Le 05/01/2016 20:25, Rob Owens a écrit :
----- Original Message -----
From: "Didier Kryn" <k...@in2p3.fr>
Le 05/01/2016 15:59, Rob Owens a écrit :
I have customers who use a shared /usr among several zLinux
systems, and the reason is cost savings.
     For my information: They don't share rootfs? How do they manage
package upgrade?
I just spoke to some coworkers and I have to revise my story a bit.  The
short answer is I don't know if these particular customers share the entire
rootfs, just /usr, or some subset of /usr.

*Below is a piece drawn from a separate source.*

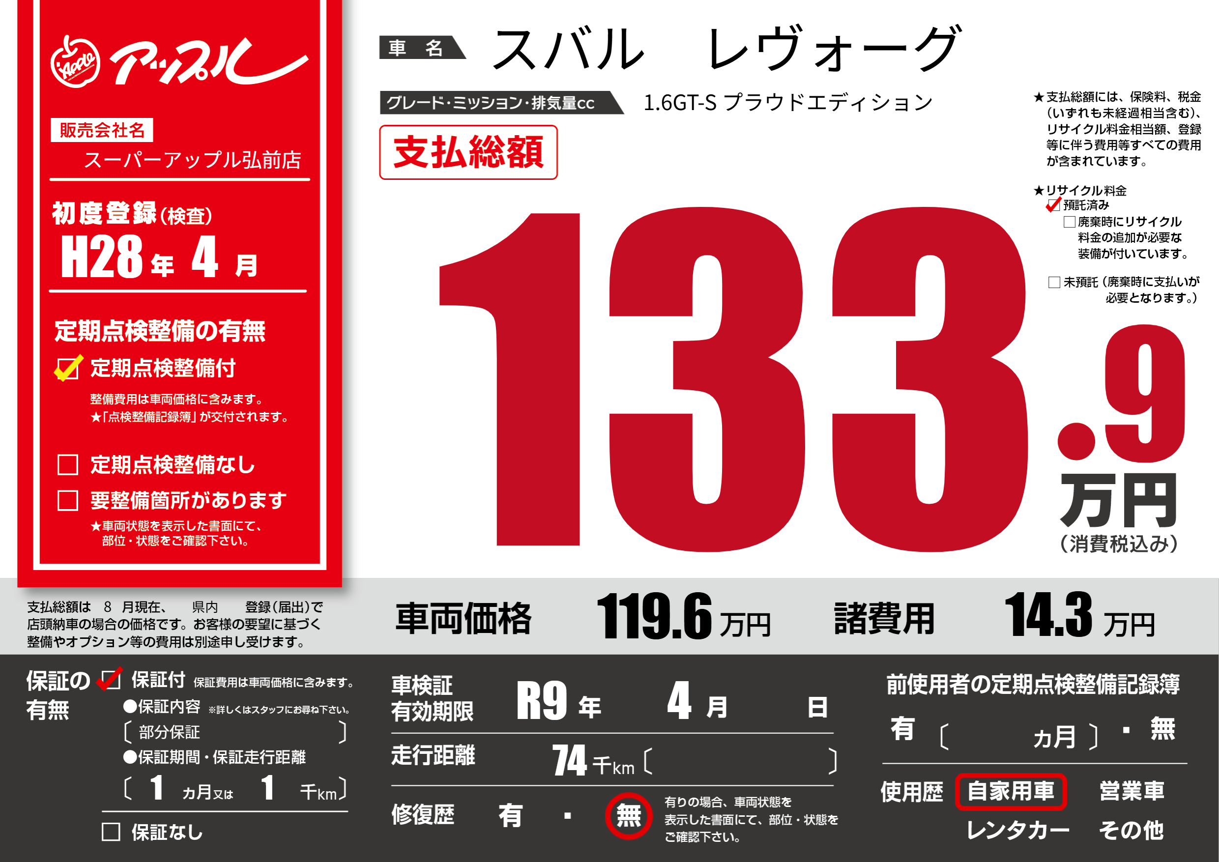 | 車名 | スバル レヴォーグ | グレード ミッション 排気量 |

There are mainframes that are used to host thousands of zLinux systems.
For example, they may provide web servers to customers.  In this
scenario, they will attempt to share as much disk as possible between
systems.  The shared disk will typically be read-only on all systems except
for one (perhaps a management system which is used to perform updates).
Each system of course needs some read-write space, but the more shared
disk it can utilize, the better (because that is cheaper and easier to
manage).

So are they sharing /usr and owning individual root filesystems?  I'm
not sure what these particular customers are doing.  I can imagine
scenarios where having that ability would be beneficial, but I'm not
sure if these customers are actually doing it.  I do know that they make
heavy use of read-only disk sharing, and that taking two separate
directories and dumping them into one will reduce granularity, which can
make it more difficult to optimize disk sharing.

-Rob

I have installed farms of diskless single-board computers. Each group shares the Debian Wheezy OS installed on an NFS server. Most files and directories must be shared but some must not: /run and parts of /var/lib. It is delicate and tricky to craft which subdirectory of /var/lib is shared and which is not.

/etc/resolv.conf is symlinked to a file in /run which is created during the initramfs step. In principle resolv.conf could be shared because they are all in the same LAN, but this configuration avoids overwriting continuously the same file.